Living on 70%.
~5 min read

Where the 10% comes from.
Talk 4 left a question: where does the 10% come from if your money is already spoken for? The answer is that you make room. And there's a classic number, seventy percent.
The old frame: pay yourself first, handle what you owe, live on the rest (~70%). But the number isn't the lesson. The lesson is one uncomfortable sentence: the "first slice" only survives if your life costs less than you earn. On purpose.

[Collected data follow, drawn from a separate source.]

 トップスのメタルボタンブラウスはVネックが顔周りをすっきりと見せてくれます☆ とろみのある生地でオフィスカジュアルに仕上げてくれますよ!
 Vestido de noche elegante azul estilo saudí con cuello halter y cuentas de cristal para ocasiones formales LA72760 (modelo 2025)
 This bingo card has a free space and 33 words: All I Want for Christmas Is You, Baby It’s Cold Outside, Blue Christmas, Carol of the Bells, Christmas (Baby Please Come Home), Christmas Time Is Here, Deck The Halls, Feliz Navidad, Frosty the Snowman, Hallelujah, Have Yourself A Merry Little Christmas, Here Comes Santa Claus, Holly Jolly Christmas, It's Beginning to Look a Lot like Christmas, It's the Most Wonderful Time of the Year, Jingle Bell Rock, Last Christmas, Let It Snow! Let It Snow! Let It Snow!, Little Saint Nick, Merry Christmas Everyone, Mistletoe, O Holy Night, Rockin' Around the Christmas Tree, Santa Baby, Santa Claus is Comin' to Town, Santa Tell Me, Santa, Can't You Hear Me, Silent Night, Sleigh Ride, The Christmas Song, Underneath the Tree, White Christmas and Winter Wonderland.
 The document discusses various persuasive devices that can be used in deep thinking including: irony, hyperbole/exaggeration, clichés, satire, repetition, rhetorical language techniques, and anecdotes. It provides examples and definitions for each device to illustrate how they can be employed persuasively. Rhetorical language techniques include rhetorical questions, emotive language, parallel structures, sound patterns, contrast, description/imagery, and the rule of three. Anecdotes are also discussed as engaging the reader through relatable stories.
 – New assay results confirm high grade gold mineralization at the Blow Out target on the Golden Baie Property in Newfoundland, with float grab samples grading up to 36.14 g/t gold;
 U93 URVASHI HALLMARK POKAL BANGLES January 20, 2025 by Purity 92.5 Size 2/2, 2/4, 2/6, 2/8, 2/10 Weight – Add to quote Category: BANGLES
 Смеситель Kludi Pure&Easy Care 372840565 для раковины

The real enemy is lifestyle creep.
It isn't willpower. Life expands to fill whatever you make. That raise last year? Gone, and you couldn't say where. Your lifestyle quietly grew to match. That's what eats the 10%.
So the 70% isn't a rule I'm handing you. It's a cap you choose: my day-to-day fits inside most of what I make, not all of it. Maybe that's 70 for you, maybe 90, maybe right now it's honestly over 100 and you're just surviving. If that's you, I'm not going to pretend a percentage fixes it.
But wherever you can open even a small gap between what you make and what you spend, that gap isn't money you're missing. It's your future. It's the only place the 10% comes from.
Find your gap.
The tool below shows your money split into its jobs: the part that keeps your life running, and the part that's free to work. Move the line yourself.
Your life, your number. I run diBoaS, so don't take my word. Move the line and see.
See your money's jobs: Open Money JobsThe gap is the point.
Found your line?
Living on less than you make isn't deprivation. It's the trick. The gap between what you earn and what you spend is where everything else in this series lives.
But what if a big piece of your income is already going out to debt? Then the math changes, and it might change what you do first. That's Talk 6, the one nobody wants to have.
Quick check
Think of your last raise. Can you say where it went? No judgment, just notice.